Ze sluiten hun ogen en tuiten hun lippen, allebei. Ooit, als de wind echt goed zit, zullen ze eindelijk voelen hoe de lippen van de ander proeven. Zoet, stelt zij zich voor. Pikant, hoopt hij. Ze fladderen een beetje en dromen verder. Voorlopig.

zondag, april 27, 2008

kijken - de kat
lezen - de krant
voelen - de lentezon
horen - de wereld, op een afstand
weten - het komt goed
gelukkig zijn

dinsdag, april 22, 2008

Moeder
Plots was ik moeder van een jongetje van tien maanden. Blonde haren, donkere ogen en een guitige blik. Hij lachte naar mij en strekte ook af en toe zijn armpjes uit in mijn richting. Ik raapte zijn knuffel op als hij die op de grond had gegooid en las hem voor uit zijn boekje. En ik trok gekke bekken waarop hij bijna begon te schaterlachen.
Maar geen enkel moment voelde ik me de moeder van dit leuke kind. Tot een man aan een aangrenzend tafeltje me complimenteerde met de mooie en vooral vele haren van mijn zoon.
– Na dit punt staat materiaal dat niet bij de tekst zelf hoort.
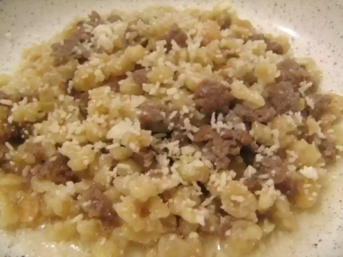 Fregola e salsiccia PrecedenteProssimo Portata principalefacile31 min542 Kcal Invia questa ricetta ad un amico Stampa la ricetta Contatta l'autore della Ricetta Pubblica la foto di questa ricetta Un piatto più che deliziosi!! Ingredienti 2 170 g di fregola 100 g di salsiccia fresca 1/2 cipolla 1 l circa di brodo vegetale olio Costo stimato: 2.28Euros€ (1.14€/Porzioni)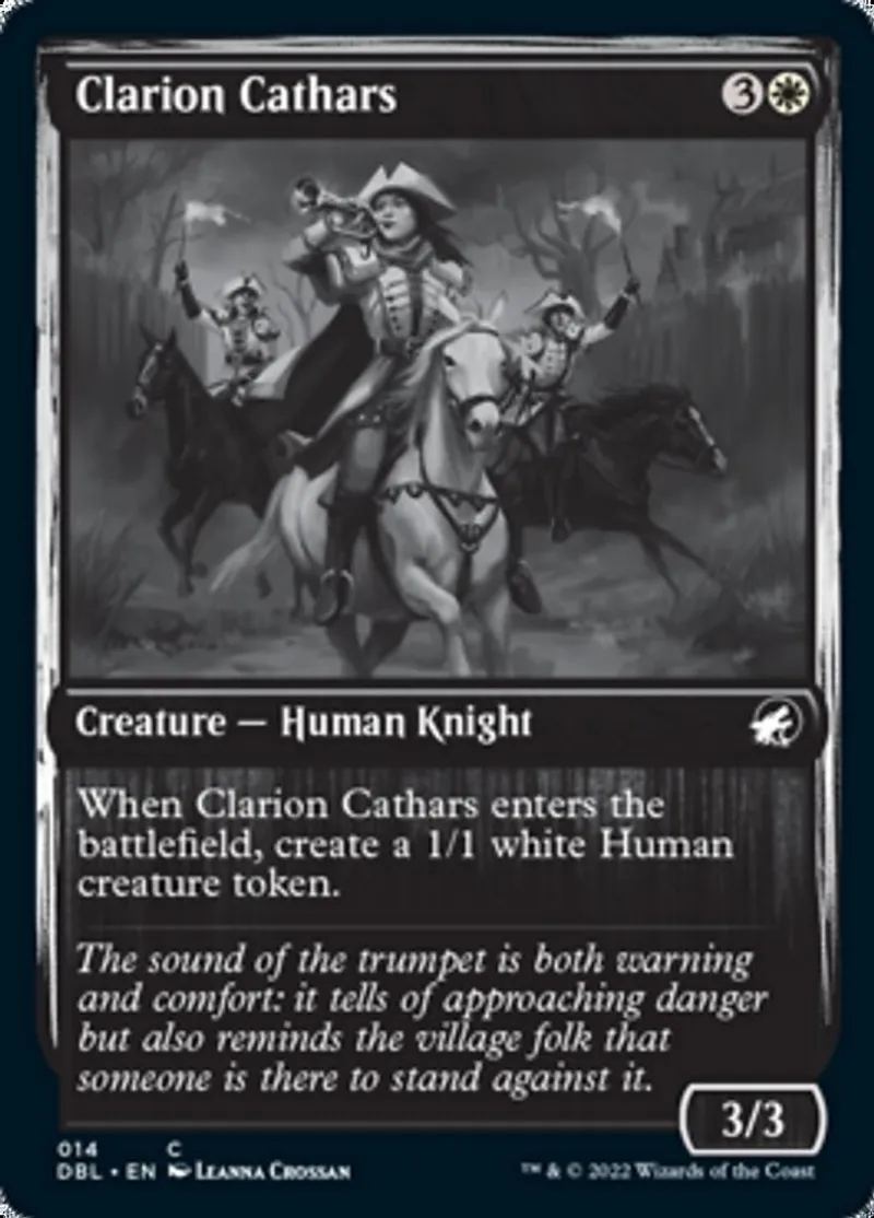 Clarion Cathars is a common in the set Innistrad: Double Feature.

Ik lachte maar liet vriend S. antwoorden. De vele haren waren immers allerminst mijn verdienste, wel de zijne. Hij was de vader van het kind. Maar als enige vrouw in het gezelschap, word je blijkbaar automatisch als moeder van het enige kind bestempeld. Zo snel gaat dat.

woensdag, april 16, 2008

Winnen
Ik had goed nieuws gekregen – eindelijk was het zeker. Opgetogen stuurde ik de blijde boodschap naar iedereen die de vorige maanden met mij had meegeleefd. De sms’jes en telefoontjes stroomden binnen. Ook mijn moeder belde. Ik deed haar het relaas van de dag en vertelde dat ik niet veel tijd had. Ik zat immers bij vrienden op de sofa en we zouden onmiddellijk een partijtje Kolonisten spelen. “Oh, dan ga je zeker winnen”, zei ze. “ Dat kan niet anders op een dag als vandaag.” Ik zei haar dat ik daarvan nog niet zo zeker was. Ik kende de tegenstand. Maar ik won. Overtuigend.

vrijdag, april 11, 2008

Ochtend
Het was druk in het station. Tientallen pendelaars haastten zich naar het perron om de trein naar Brussel te halen. Ook op de roltrap was het aanschuiven. Werkvee dat zich gewillig naar de werkplek liet voeren. Even keek ik achterom. Mijn blik ving die van de man net achter mij. Hij geeuwde, de mond wagenwijd open, zonder hand ervoor. Ik lachte, hij ook, nadat hij in staat was zijn mond opnieuw te sluiten. Eerst schuchter en verontschuldigend, daarna met pretlichtjes in zijn ogen.